The government’s Aatmanirbhar plan for IT hardware through its Production Linked Incentive (PLI) scheme — intended to give a big push to local production and reduce imports — has hit a logjam.
On the one hand, demand for laptops and tablets have hit the roof as companies, especially in the IT sector, and consumers continue to work from home. Lack of local production is driving imports to new levels.
Yet, only four of the 14 eligible players for the PLI scheme in IT hardware in the first year of operations have succeeded in meeting their production targets and will receive incentives. At least one global player is already planning to move out of the scheme after the second year because it feels the PLI scheme is not attractive enough.
There is no duty on imports on laptops and IT products as India is part of a WTO agreement that makes imports pretty attractive .
According to data, imports of laptops and tablets have gone up sharply by over 53 per cent from $5.2 billion in FY21 to $8.0 billion in FY22.
A top PC manufacturer said that enterprises which buy customised, configured PCs face a waiting list of between six to twelve weeks for delivery.
“With the chip shortage and the fact that India accounts for only 1-3 per cent of most global PC companies’ sales, we are much behind in the quota and have to wait longer,” said a senior executive of a top global PC company.
More importantly, China dominates imports, accounting for over 72 per cent of all laptop and tablets imported in the country in value, virtually at the same level as in the last two years, despite a higher import bill.
There are also concerns that non-tariff barriers, such as making imports from China difficult, could only increase the problem.
According to International Data Corporation estimates, the total Indian PC and tablet market for 2021 was $10.7 billion. Industry estimates suggest that 75 per cent of it is imported.
Talks are on to revamp the PLI scheme. The Ministry of Electronics and Information Technology has been meeting members of NITI Aayog and stakeholders to work out the revamp.
The Manufacturers Association of Information Technology (MAIT), the apex IT hardware association, has told the government that it would like the duration of the scheme to be doubled to eight years and the incentive increased from 1-4 per cent (average of 2 per cent) to 6.5 per cent for PCs and 8.5 per cent for servers. It also wants a separate scheme for Indian brands in the MSME sector.

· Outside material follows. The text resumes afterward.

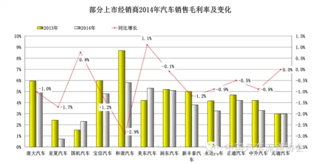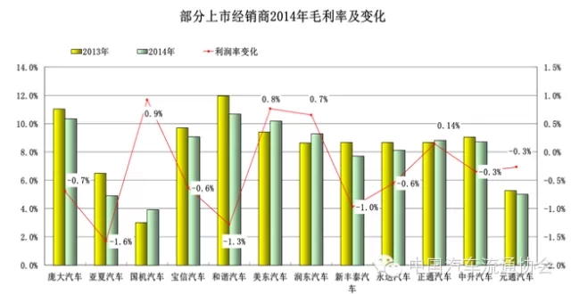 2014年上市汽車經銷商集團汽車銷售毛利率除美東(dong) 、國機、元通汽車相比2013年有所增加或持平外,其餘(yu) 企業(ye) 汽車銷售毛利率均有不同程度下降,最多下降2.9個(ge) 百分點,各上市企業(ye) 汽車銷售毛利率平均下降了0.71個(ge) 百分點。
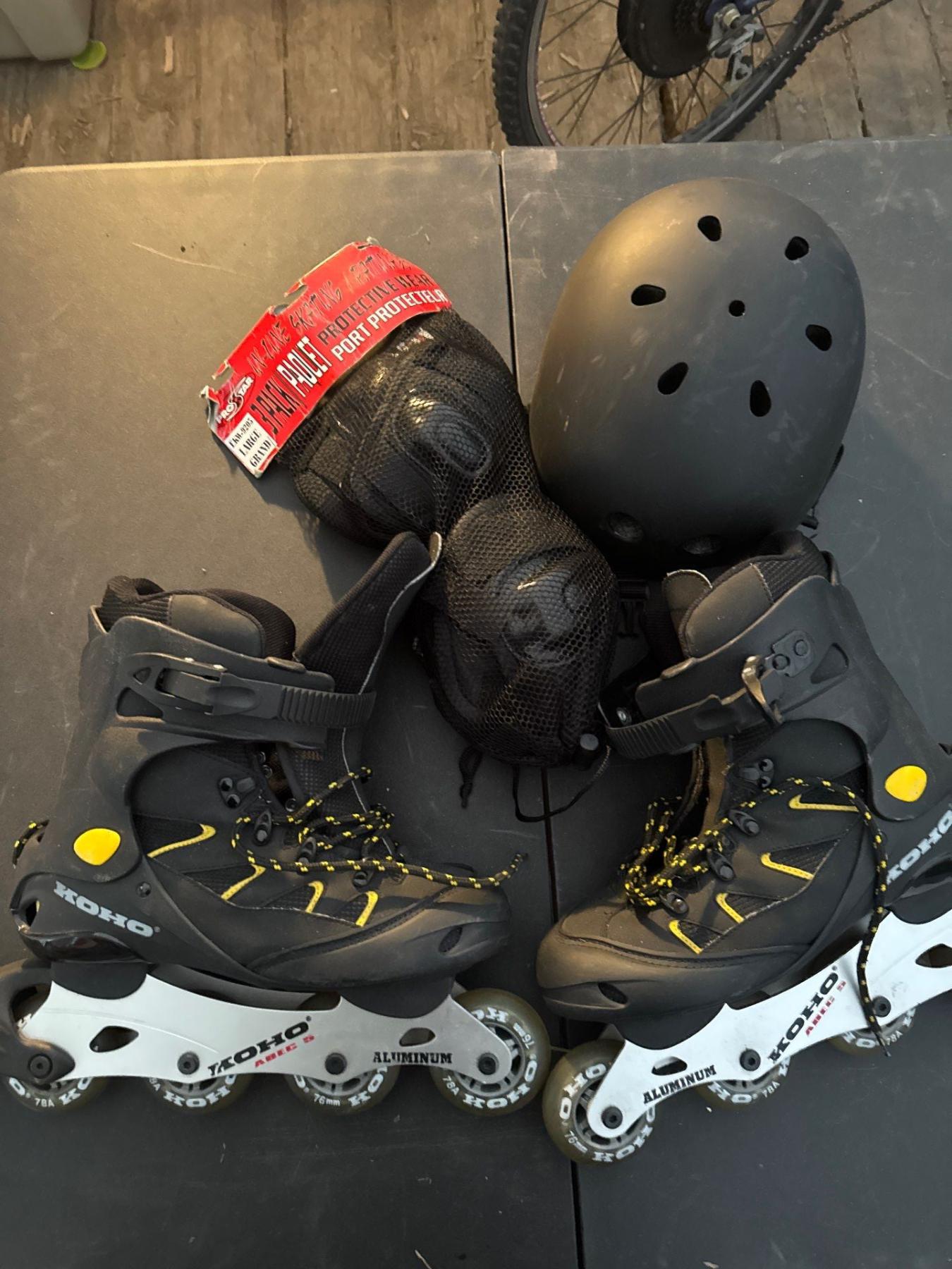 Koho rollerblades. Rollerblading helmet. Size large, extra large. Three pack of protective wear. Size 9 coho roller blades.

If this proposal is accepted, it will cost the government a lot of money. Analysis by the India Cellular & Electronics Association show that the current allocation of IT hardware PLI which was Rs 7,350 crore needs to be increased three-fold to around Rs 21,000-22,000 crore.
And this figure is based on the association’s more moderate demand to increase the incentive to 5 per cent for five years. MAIT’s recommendation could peg the allocation far higher.
MAIT has also argued that the incentive targets (Rs 500 crore from global companies and Rs 20 crore from domestic companies) should be decided based on inputs received from the eligible companies and that the money that they have put into the PLI 1 (exiting scheme) should be included.
The reason is that the type and amount of equipment will vary from company to company based on existing investments and future localisation plans and consequently these should be taken into consideration.
MAIT is also pushing for more products such as storage devices and data centre switches to be added to the list of those that are already eligible for the scheme.
It has also suggested a special incentive scheme for MSME Indian brands as part of the PLI for domestic players.
This entails reserving 5 per cent of the allocation for domestic players; a sharp reduction in the investment criterion (it is Rs 20 crore for domestic players); an incentive of 7.5 per cent over five years for laptop makers; and a 10 per cent increase year on year over existing base sales (FY22) for eligibility of incentives.
MAIT believes that new entrants should be eligible provided they have a cumulative revenue of Rs 5 crore and have produced 2500 units in the last two years.